Retidrillia willetti

Scientific classification
- Kingdom: Animalia
- Phylum: Mollusca
- Class: Gastropoda
- Subclass: Caenogastropoda
- Order: Neogastropoda
- Superfamily: Conoidea
- Family: Borsoniidae
- Genus: Retidrillia
- Species: R. willetti
- Binomial name: Retidrillia willetti (Dall, 1919)
- Synonyms: Suavodrillia willetti Dall, 1919 (original combination)

= Retidrillia willetti =

- Authority: (Dall, 1919)
- Synonyms: Suavodrillia willetti Dall, 1919 (original combination)

Species of gastropod

Retidrillia willetti is a species of sea snail, a marine gastropod mollusk in the family Borsoniidae.

==Description==
The length of the shell attains 10 mm, its width 4.5 mm.

(Original description) The small, white shell has a pale operculum with an apical protoconch. The whorls of the protoconch are translucent white, glassy, inflated, about one and a half in number, then gradually passing into the reticulate sculpture of the five or six subsequent turns. The suture is appressed with one or two close-set prominent spiral threads in front of it. The whorls are sloping forward flatly from these threads to an angle at the shoulder forming the periphery. This part of the whorl is minutely spirally threaded.
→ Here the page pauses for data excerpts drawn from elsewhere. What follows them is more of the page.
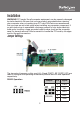 Installation WARNING! PCI cards, like all computer equipment, can be severely damaged by static electricity. Be sure that you are properly grounded before opening your computer case or touching your PCI card. StarTech.com recommends that you wear an anti-static strap when installing any computer component. If an anti-static strap is unavailable, discharge yourself of any static electricity build-up by touching a large grounded metal surface (such as the computer case) for several seconds.
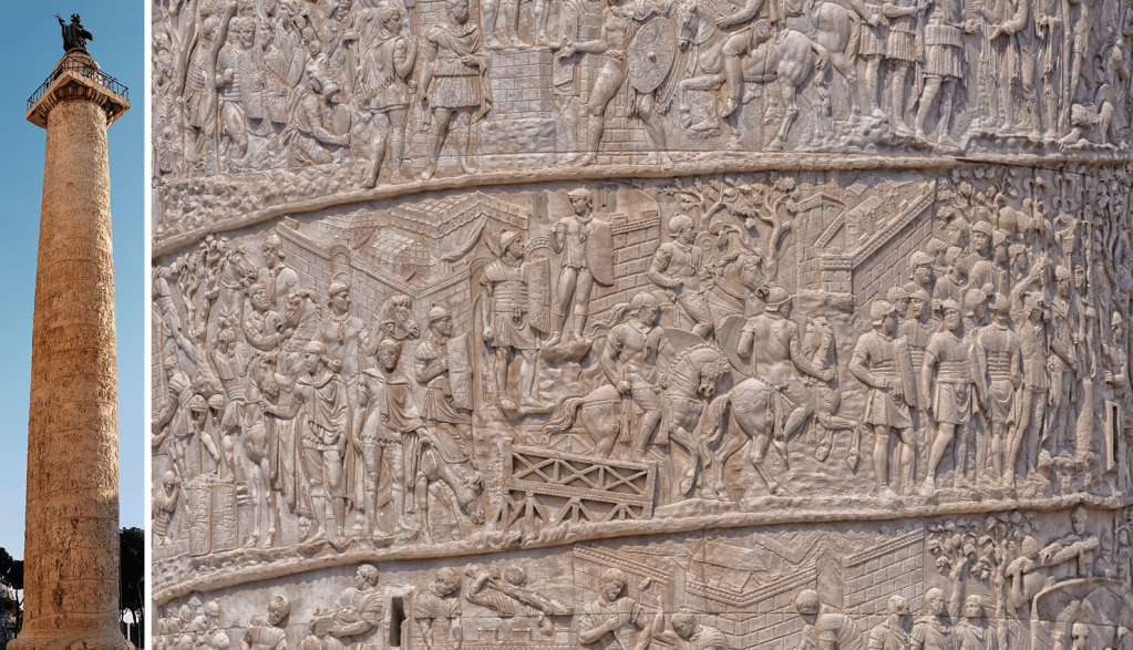 Trajan’s Column stands 115 feet high; the Column of Marcus Aurelius is even taller, at 130 feet. It seems much livelier and more sophisticated than its predecessor; the artists and artisans who worked on it appear to have had more fun with their material.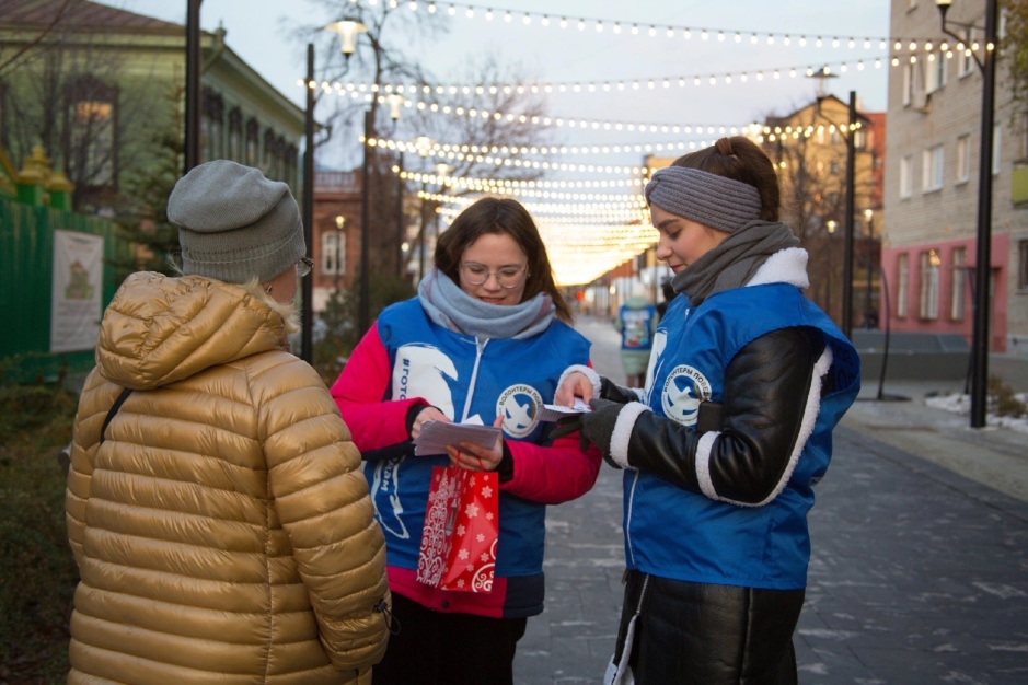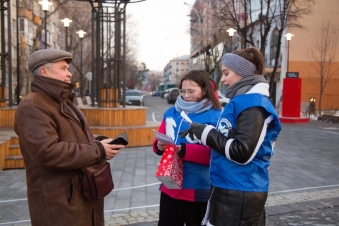 «Волонтёры Победы» Колледжа цифровых и педагогических технологий провели для жителей Тюмени викторину «Это Россия».

The other spiral sculpture consists of (on the base about five) strong threads with wider interspaces containing minor threads all merging toward and on the siphonal canal into a series of subequal close-set threads. The anal fasciole has its deepest part at the shoulder angle, but the arcuate
incremental lines on the whorl behind the angle indicate that it was when complete wide and shallow. The axial sculpture consists of (on the penultimate whorl about 16) strongly protractive short ribs starting at the shoulder, which they slightly nodulate, and reaching to the suture, but obsolete on the body whorl and not reaching much beyond the periphery The outer lip is thin and sharp. The inner lip is erased. The columella is short and obliquely attenuated in front. The siphonal canal is short, distinct and slightly recurved.

==Distribution==
This marine species occurs off Southeastern Alaska.